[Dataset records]

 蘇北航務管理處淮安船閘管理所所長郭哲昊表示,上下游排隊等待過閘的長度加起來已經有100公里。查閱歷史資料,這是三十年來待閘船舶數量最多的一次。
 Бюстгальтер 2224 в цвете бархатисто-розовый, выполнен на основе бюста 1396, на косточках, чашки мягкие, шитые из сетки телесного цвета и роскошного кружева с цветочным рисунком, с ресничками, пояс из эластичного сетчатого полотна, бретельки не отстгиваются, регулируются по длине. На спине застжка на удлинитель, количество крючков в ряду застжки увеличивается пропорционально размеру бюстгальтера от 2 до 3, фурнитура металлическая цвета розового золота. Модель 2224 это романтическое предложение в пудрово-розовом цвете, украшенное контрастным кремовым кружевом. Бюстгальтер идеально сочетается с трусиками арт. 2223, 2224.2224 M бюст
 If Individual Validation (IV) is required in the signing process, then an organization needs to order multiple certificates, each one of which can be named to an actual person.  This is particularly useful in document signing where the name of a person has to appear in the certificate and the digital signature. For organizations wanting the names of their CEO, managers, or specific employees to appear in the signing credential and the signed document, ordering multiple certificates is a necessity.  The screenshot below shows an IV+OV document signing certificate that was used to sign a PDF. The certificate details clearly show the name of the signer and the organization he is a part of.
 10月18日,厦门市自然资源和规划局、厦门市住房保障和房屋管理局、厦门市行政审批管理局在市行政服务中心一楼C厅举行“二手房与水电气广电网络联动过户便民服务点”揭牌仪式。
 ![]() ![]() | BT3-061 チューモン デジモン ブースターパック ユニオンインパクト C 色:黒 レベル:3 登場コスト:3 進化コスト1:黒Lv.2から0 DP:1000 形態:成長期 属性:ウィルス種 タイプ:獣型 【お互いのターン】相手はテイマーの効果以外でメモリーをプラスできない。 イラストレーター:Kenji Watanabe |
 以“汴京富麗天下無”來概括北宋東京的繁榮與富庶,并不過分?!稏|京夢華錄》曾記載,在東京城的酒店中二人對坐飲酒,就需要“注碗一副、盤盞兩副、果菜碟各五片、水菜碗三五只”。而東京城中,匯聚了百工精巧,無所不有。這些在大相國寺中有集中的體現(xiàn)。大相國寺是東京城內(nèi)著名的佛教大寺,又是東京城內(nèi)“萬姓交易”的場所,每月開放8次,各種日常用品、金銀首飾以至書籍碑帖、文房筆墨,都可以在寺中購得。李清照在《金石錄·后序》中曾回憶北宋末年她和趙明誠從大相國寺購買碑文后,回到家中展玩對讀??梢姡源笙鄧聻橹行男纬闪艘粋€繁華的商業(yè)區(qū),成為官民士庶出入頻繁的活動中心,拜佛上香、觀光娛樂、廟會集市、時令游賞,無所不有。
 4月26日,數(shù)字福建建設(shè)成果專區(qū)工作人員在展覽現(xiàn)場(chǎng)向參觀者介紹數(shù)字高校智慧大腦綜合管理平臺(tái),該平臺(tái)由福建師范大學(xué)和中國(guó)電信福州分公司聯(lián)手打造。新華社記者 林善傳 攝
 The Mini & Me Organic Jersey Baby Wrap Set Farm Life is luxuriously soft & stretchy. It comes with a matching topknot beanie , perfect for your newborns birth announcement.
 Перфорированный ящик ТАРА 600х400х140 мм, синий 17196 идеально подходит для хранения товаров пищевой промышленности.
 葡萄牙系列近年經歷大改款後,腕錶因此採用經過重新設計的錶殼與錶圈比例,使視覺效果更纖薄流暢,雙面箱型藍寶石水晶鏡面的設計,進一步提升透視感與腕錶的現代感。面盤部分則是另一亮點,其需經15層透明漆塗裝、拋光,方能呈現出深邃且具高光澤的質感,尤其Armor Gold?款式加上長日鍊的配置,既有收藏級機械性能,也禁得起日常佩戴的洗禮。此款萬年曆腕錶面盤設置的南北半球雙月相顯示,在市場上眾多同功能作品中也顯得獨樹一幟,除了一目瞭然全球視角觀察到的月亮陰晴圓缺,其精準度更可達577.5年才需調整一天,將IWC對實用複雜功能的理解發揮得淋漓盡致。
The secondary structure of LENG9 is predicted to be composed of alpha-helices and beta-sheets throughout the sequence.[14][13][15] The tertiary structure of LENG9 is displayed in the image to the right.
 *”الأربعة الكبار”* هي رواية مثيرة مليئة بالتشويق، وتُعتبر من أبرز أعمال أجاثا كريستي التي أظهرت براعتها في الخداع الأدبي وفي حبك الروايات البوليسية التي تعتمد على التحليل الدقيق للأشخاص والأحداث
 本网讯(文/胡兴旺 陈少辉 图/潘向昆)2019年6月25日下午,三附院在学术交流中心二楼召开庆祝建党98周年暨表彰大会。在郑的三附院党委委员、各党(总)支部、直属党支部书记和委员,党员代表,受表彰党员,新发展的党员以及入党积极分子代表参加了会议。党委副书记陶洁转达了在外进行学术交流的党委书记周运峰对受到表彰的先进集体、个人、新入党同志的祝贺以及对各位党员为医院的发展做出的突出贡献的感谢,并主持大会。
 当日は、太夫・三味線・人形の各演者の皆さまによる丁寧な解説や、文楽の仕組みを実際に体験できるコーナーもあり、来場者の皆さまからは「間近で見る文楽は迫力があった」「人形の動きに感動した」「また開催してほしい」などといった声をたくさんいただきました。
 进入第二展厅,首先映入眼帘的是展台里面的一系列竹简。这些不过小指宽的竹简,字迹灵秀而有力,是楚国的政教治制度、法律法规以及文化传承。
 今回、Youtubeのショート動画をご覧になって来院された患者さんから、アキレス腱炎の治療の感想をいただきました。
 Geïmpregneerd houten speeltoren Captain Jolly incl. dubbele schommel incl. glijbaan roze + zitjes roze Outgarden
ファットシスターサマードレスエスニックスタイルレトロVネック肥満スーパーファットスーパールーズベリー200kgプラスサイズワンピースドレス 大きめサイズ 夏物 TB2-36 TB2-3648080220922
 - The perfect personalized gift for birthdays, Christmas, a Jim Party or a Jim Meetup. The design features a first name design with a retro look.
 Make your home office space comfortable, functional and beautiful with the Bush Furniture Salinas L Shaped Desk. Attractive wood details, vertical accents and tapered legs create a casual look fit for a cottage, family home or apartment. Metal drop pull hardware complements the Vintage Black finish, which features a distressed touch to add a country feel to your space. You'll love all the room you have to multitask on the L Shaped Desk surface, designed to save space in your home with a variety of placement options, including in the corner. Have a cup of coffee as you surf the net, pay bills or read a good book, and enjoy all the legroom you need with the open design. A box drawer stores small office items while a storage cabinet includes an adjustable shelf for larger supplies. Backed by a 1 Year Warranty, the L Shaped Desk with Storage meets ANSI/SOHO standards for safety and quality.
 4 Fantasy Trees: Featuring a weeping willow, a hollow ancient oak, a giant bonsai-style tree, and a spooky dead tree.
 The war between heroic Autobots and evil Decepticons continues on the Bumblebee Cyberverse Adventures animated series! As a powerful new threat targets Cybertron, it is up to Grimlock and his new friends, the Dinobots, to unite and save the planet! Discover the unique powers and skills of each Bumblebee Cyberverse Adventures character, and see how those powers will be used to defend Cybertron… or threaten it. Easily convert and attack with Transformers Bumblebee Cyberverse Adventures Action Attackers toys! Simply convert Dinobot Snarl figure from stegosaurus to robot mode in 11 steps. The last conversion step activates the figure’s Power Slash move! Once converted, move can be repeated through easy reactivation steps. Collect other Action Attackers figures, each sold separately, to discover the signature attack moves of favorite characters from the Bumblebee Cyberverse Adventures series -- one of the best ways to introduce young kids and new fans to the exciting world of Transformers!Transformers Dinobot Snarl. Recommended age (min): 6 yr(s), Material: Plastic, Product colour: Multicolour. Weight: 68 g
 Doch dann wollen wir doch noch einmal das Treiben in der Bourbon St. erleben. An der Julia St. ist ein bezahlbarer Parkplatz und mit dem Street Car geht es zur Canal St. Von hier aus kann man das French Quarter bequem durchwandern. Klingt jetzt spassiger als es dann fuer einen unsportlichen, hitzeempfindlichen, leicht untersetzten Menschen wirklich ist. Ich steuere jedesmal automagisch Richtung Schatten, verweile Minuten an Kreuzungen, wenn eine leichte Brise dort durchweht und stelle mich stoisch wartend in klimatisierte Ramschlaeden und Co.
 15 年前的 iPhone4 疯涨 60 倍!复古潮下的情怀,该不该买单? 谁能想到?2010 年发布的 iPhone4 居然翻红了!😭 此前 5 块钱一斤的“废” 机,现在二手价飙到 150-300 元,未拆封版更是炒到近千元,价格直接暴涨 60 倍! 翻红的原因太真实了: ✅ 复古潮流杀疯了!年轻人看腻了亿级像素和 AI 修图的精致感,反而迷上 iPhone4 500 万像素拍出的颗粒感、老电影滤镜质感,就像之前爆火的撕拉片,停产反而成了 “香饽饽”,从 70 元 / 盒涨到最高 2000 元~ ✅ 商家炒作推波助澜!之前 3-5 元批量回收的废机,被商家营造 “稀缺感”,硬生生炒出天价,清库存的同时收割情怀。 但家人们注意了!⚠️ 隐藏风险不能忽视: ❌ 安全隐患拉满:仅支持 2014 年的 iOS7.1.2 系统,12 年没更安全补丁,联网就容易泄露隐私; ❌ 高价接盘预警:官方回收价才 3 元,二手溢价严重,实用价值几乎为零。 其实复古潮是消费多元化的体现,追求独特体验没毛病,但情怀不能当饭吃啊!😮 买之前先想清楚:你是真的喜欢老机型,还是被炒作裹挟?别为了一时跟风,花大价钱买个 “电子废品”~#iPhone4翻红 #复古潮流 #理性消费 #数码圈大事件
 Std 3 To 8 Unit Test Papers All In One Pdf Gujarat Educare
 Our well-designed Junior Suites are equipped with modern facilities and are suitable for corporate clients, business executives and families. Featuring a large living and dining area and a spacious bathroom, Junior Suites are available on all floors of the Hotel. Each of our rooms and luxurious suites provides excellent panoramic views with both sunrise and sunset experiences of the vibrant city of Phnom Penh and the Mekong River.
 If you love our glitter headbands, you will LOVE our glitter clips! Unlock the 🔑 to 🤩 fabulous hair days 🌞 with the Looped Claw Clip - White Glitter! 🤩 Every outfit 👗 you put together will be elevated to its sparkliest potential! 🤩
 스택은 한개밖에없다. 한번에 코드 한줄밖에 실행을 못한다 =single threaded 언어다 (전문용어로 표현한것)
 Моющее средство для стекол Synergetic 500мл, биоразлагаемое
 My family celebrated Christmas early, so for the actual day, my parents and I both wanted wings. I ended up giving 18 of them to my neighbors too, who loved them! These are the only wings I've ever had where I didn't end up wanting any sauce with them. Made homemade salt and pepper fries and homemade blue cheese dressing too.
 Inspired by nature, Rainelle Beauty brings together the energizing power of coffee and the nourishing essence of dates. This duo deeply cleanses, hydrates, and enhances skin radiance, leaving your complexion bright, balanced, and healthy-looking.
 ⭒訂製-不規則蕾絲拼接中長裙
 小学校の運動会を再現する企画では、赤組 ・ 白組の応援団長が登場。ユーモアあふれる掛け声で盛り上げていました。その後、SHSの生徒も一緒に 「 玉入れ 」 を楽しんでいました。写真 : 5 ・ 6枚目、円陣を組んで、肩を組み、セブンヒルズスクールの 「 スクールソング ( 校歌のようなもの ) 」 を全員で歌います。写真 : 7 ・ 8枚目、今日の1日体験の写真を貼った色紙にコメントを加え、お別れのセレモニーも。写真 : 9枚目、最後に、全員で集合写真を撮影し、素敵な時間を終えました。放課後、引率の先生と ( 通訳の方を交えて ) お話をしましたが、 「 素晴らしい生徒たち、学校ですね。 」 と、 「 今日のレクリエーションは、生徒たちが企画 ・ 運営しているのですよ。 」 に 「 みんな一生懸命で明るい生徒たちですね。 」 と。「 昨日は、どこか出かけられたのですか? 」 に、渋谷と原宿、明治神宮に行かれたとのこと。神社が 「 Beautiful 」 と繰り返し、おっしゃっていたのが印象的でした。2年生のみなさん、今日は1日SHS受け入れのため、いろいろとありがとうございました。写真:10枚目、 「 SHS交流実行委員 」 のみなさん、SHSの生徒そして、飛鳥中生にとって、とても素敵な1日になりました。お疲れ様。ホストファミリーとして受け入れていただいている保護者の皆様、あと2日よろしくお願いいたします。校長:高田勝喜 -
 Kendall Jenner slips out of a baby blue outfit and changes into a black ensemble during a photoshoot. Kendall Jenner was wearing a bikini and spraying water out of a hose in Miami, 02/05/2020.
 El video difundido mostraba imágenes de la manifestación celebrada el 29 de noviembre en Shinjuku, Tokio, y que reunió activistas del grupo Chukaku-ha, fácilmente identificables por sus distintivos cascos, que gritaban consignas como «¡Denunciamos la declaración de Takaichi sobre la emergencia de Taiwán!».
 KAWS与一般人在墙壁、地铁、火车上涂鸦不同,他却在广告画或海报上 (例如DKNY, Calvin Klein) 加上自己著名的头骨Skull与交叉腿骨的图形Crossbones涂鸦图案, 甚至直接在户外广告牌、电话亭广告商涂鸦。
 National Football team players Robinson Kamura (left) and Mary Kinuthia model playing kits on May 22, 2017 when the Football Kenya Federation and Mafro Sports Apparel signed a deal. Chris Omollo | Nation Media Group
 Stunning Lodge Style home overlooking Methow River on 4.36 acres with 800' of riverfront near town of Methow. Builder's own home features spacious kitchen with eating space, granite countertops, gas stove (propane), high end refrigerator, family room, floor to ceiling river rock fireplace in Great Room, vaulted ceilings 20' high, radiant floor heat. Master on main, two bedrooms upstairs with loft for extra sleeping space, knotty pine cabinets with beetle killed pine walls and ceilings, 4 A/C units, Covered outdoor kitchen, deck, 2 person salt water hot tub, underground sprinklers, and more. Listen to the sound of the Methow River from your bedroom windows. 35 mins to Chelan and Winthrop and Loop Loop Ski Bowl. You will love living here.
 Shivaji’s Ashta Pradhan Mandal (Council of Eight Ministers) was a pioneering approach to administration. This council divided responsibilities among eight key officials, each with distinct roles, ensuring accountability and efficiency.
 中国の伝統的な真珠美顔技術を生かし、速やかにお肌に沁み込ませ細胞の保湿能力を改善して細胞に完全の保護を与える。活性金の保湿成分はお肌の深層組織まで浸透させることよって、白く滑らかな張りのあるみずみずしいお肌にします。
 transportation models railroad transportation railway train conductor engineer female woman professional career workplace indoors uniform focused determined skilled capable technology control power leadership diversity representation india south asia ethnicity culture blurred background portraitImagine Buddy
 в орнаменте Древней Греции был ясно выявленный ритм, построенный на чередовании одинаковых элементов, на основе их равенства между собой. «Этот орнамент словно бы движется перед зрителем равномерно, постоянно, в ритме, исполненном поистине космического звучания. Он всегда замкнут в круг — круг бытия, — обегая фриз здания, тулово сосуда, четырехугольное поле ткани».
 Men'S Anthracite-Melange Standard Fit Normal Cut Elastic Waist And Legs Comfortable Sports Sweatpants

◆ Instructions for the task: Provide an exact transcript of the lines from the one that holds "в орнаменте Древней" through the final line of the data above.

◆ Finished task:
 в орнаменте Древней Греции был ясно выявленный ритм, построенный на чередовании одинаковых элементов, на основе их равенства между собой. «Этот орнамент словно бы движется перед зрителем равномерно, постоянно, в ритме, исполненном поистине космического звучания. Он всегда замкнут в круг — круг бытия, — обегая фриз здания, тулово сосуда, четырехугольное поле ткани».
 Men'S Anthracite-Melange Standard Fit Normal Cut Elastic Waist And Legs Comfortable Sports Sweatpants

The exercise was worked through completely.